SQL-based views

Only users with the Can administer ThoughtSpot or the Can manage data privilege can create views and link them.
Views do not support row level security (RLS), so all users of a view can see all the data it contains.

With SQL views, you can quickly start using ThoughtSpot to get insights from your data. Simply create a connection to your external data warehouse, and you can run SQL queries against it. When you save these queries as SQL views, they become data sources that you can run traditional ThoughtSpot searches on, allowing you to create charts, tables, and Liveboards from the data.

SQL views are very similar to other ThoughtSpot views. Refer to Understanding views for an introduction to views and their use in ThoughtSpot. This article describes a specific type of view, the SQL view, which follows the same rules as other ThoughtSpot views.

Creating SQL views

To create a SQL view, follow these steps:

  1. Connect to your data in your external cloud data warehouse. Note that you do not have to select any tables or columns to create the connection and start creating SQL views.

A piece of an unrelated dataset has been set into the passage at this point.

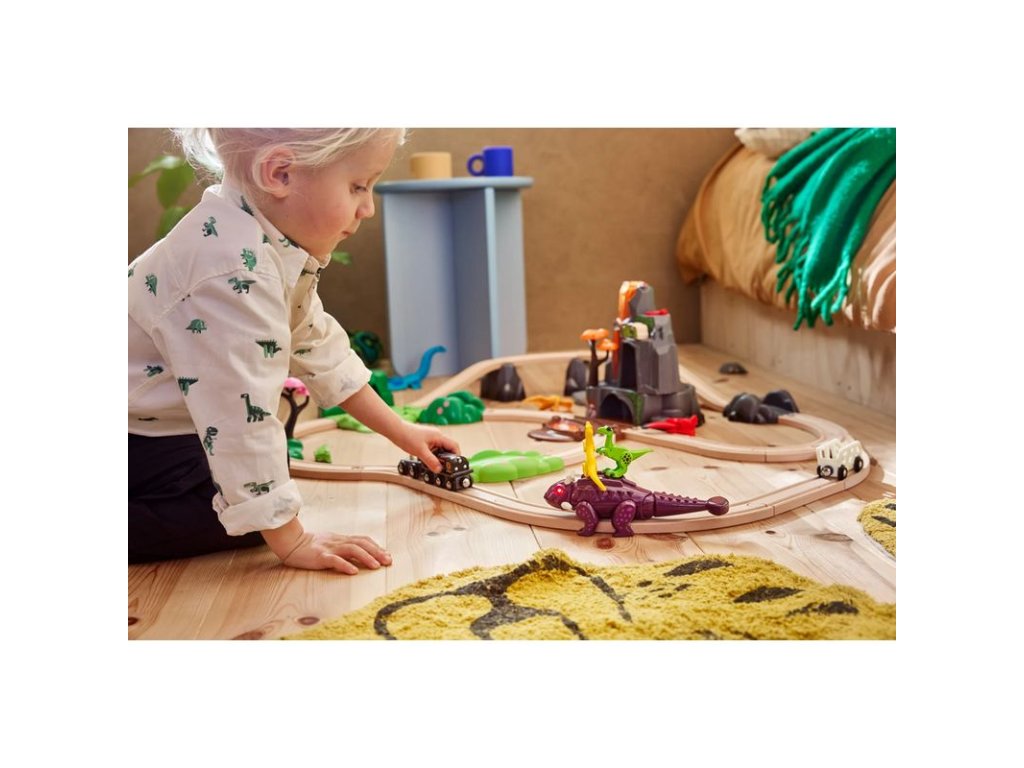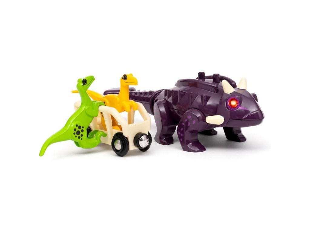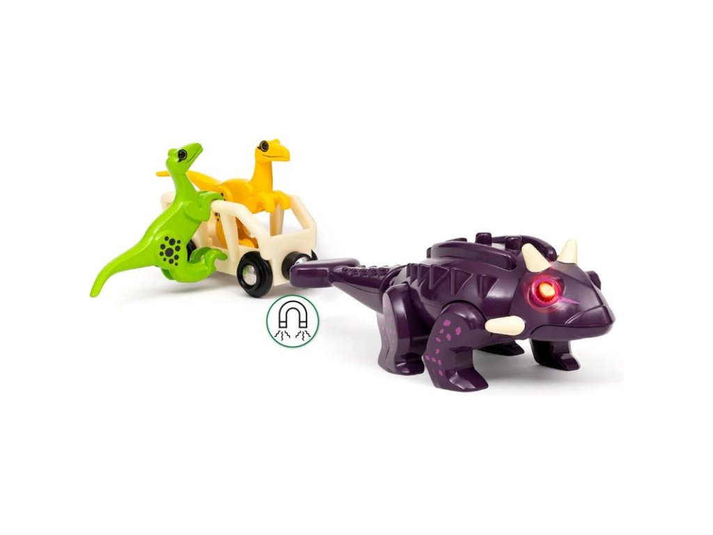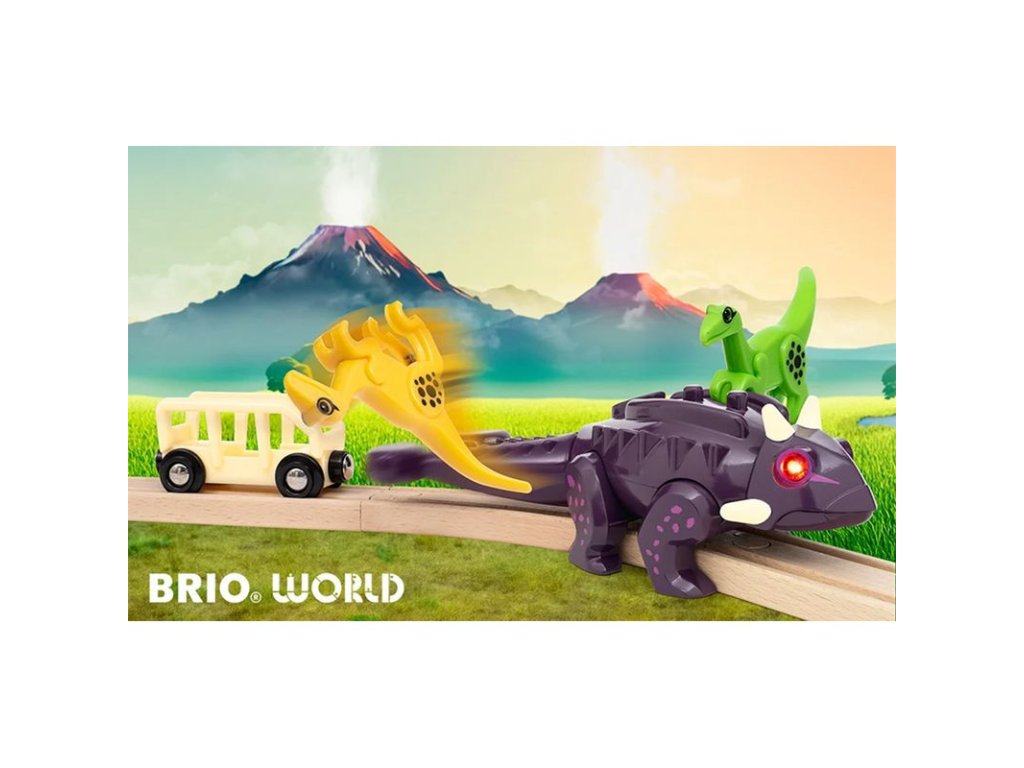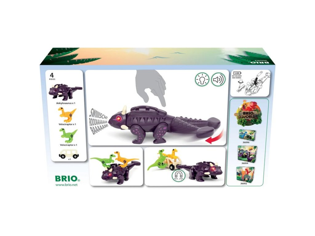 Mohutný dinosaurus, jenž dokonale zapadá do dřevěných vláčkodrah BRIO, ožívá díky červeným svítícím očím a řevu aktivovanému pohybem. Ankylosaurus má pružinový ocas připravený k švihu a dítě jím může povalit dvě barevné figurky velociraptorů, které jsou součástí sady. Magnet ukrytý v ocasu umožňuje tahat vagónky, podobně jako vláčky BRIO. Hračka je součástí řady BRIO World – Svět dinosaurů, kterou musí mít všechny děti milující dinosaury a vláčky.

  2. Select Data from the top navigation bar.

  3. From the side navigation bar, select + Create new > Custom SQL view.

  4. Choose a connection to the data you would like to query. Select Choose connection in the side panel, and click on or search for a connection in the dropdown.

    If you did not already create a connection, select Add new connection. Refer to the connections documentation.

  5. After you select the connection, a list of tables appears in the side panel, under the schema and database names. To see a list of the columns in a table, click on the table name. A list of the columns and their data types appears.

  6. In the SQL editor, write your SQL query.

    The SQL you use must be compliant with your data warehouse’s SQL standard.

    The SQL editor has autocomplete functionality, based on the tables and columns in your connection.

    In the example below, after we type select * from, the SQL editor suggests several tables. When we click on the DIM_RETAPP_PRODUCTS table, the query autocompletes as select * from RETAILAPPAREL.PUBLIC.DIM_RETAPP_PRODUCTS AS d, completing this part of the query and assigning the table an alias.

    SQL view autocomplete gif
  7. Select Run. The results of your SQL query appear in the Result section. You can collapse or expand this section, by selecting the up and down arrows in the top right of the Results section.

  8. Select Save.

  9. The Save modal appears, and prompts you to name your SQL view. To improve the SQL view’s visibility, optionally add a description.

  10. Select Save again.

  11. To create a copy of the SQL view, select Save as.

  12. To return the SQL view to its last saved state, select Revert. This button only appears after you save the view.

  13. To open the SQL view you just created as a data source, select Open view details. Otherwise, when you finish editing the SQL view, save it and select Exit.

Editing SQL views

If you have can edit privileges on a SQL view, you see the Edit View button on the details page for the view. To edit the SQL query that the view is based on, select Edit View.

Edit SQL view

Managing SQL views

You can use a SQL view just like any other data source. You can also join a SQL view to other tables or views by defining a relationship. When you save a SQL query as a view, and then use it as a source in a new search, it is similar to doing a nested query in SQL, only much easier to create.

You can perform the same actions on a SQL view that you can perform on a regular view:

Creating a search from a SQL view

After you create a SQL view, you can search on it. You can do this 1 of 2 ways:

  • Navigate to the SQL view you would like to search on, from the Data tab. Select Search this view. This opens the Search Data interface, where you can query your data.

  • Select Search data from the top navigation bar. Select the Choose sources icon, and select your SQL view. Select Done. This opens the Search Data interface, where you can query your data.